## ASSIGNMENT
Reproduce every line of the data, exactly and without its pictures.

## SOURCE DATA

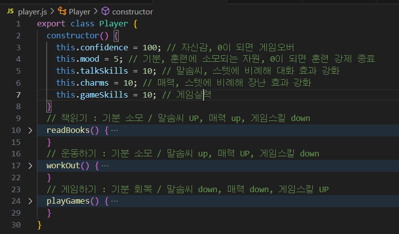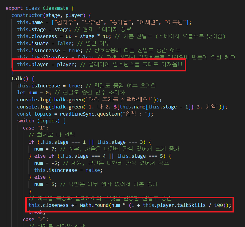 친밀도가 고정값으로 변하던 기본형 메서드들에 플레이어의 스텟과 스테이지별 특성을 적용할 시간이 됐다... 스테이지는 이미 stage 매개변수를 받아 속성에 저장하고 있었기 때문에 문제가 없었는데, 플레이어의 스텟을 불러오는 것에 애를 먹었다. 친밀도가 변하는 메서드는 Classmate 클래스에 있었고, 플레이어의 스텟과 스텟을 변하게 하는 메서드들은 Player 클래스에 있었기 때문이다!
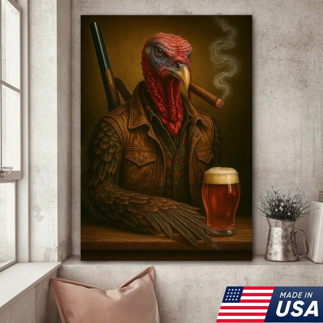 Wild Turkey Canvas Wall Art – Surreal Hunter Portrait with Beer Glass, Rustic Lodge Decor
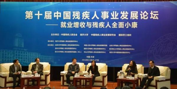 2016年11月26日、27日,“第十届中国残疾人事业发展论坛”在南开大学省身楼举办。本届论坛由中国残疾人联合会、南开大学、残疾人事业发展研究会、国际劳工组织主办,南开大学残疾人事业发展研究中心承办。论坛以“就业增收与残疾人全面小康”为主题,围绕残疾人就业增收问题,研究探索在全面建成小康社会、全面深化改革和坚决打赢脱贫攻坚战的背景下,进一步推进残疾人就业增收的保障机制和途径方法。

## YOUR SOLUTION
 친밀도가 고정값으로 변하던 기본형 메서드들에 플레이어의 스텟과 스테이지별 특성을 적용할 시간이 됐다... 스테이지는 이미 stage 매개변수를 받아 속성에 저장하고 있었기 때문에 문제가 없었는데, 플레이어의 스텟을 불러오는 것에 애를 먹었다. 친밀도가 변하는 메서드는 Classmate 클래스에 있었고, 플레이어의 스텟과 스텟을 변하게 하는 메서드들은 Player 클래스에 있었기 때문이다!
 Wild Turkey Canvas Wall Art – Surreal Hunter Portrait with Beer Glass, Rustic Lodge Decor
 2016年11月26日、27日,“第十届中国残疾人事业发展论坛”在南开大学省身楼举办。本届论坛由中国残疾人联合会、南开大学、残疾人事业发展研究会、国际劳工组织主办,南开大学残疾人事业发展研究中心承办。论坛以“就业增收与残疾人全面小康”为主题,围绕残疾人就业增收问题,研究探索在全面建成小康社会、全面深化改革和坚决打赢脱贫攻坚战的背景下,进一步推进残疾人就业增收的保障机制和途径方法。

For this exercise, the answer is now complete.